The customer dimension can easily exceed 100 million rows for a large business. The situation is worse when the customer attributes need to be tracked at the account level, and the customer dimension morphs into the customer-account dimension. Further the changes to the dimension may need to be tracked over time, resulting in type-2 rows being added at regular intervals.
There are several techniques to deal with monster dimensions. You start by re-arranging the dimension attributes into several mini dimensions. Thus you get the demographics dimension, the customer-account status dimension, etc., in addition to the core customer-account dimension that has the basic customer information such as the name, address, etc. Then you convince the users that change tracking is not needed on the core customer-account dimension for the trend reporting and the longer term decision making. Thus the type-2 change rows are eliminated altogether, the changed type-1 dimension attributes are simply overwritten and historical changes are lost. Even without the type-2 rows, the core customer-account dimension is still quite big. You might be able to convince the users that the core customer-account attributes are not needed at all, and eliminate it altogether. If this approach satisfies the needs of your business, congratulations! But, the users may need access to and may want to track the changes to the core customer-account attributes as well.
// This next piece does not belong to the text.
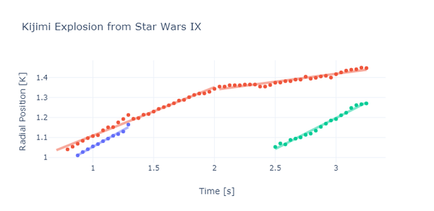考虑到这一点,我们可以挑选三块碎片,它们从行星的边缘(如摄像机中所看到的)开始以不同的方向向外扩散。跟踪应用程序随后给出了碎片行进距离(从行星中心测量的每个物体的径向位置)与时间的关系图。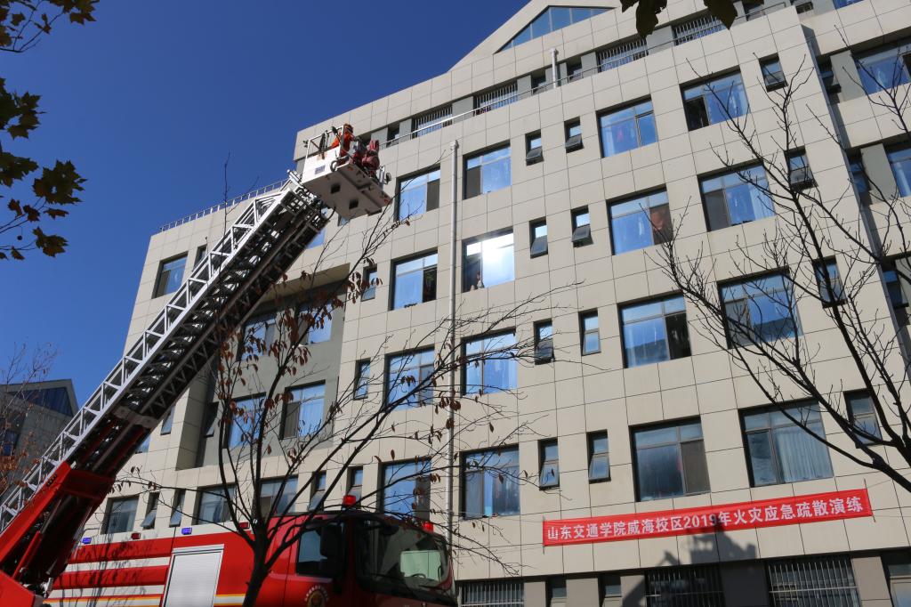 在威海校区,警报组成员在宿舍楼内点燃发烟饼,联动警报响起,消防广播发出疏散警示。楼内人员根据消防广播指引,弯腰低姿,迅速撤离火灾现场。过程中,现场疏导组发现A412宿舍内有两名学生被困,紧急使用119电话报警。驻地马山消防中队接警迅速派出3辆消防车赶往火灾现场,使用消防云梯将被困人员解救到地面。全体师生观摩了消防战士模拟灭火的实战演练。

At this point you need to clearly identify, why this information is needed and delineate the trend reporting requirements from the operational as well as statistical data-mining requirements. If the requirement is to track the customer-account changes to respond to the customer inquiries, it is really an operational requirement and, an operational application using normalized data structures should be built to support it. If the requirement is to track address changes for fraud detection, it is a data mining requirement and, a flat data structure should be built to support it. Either way, stuffing this data forcibly into a star schema will not yield satisfactory results.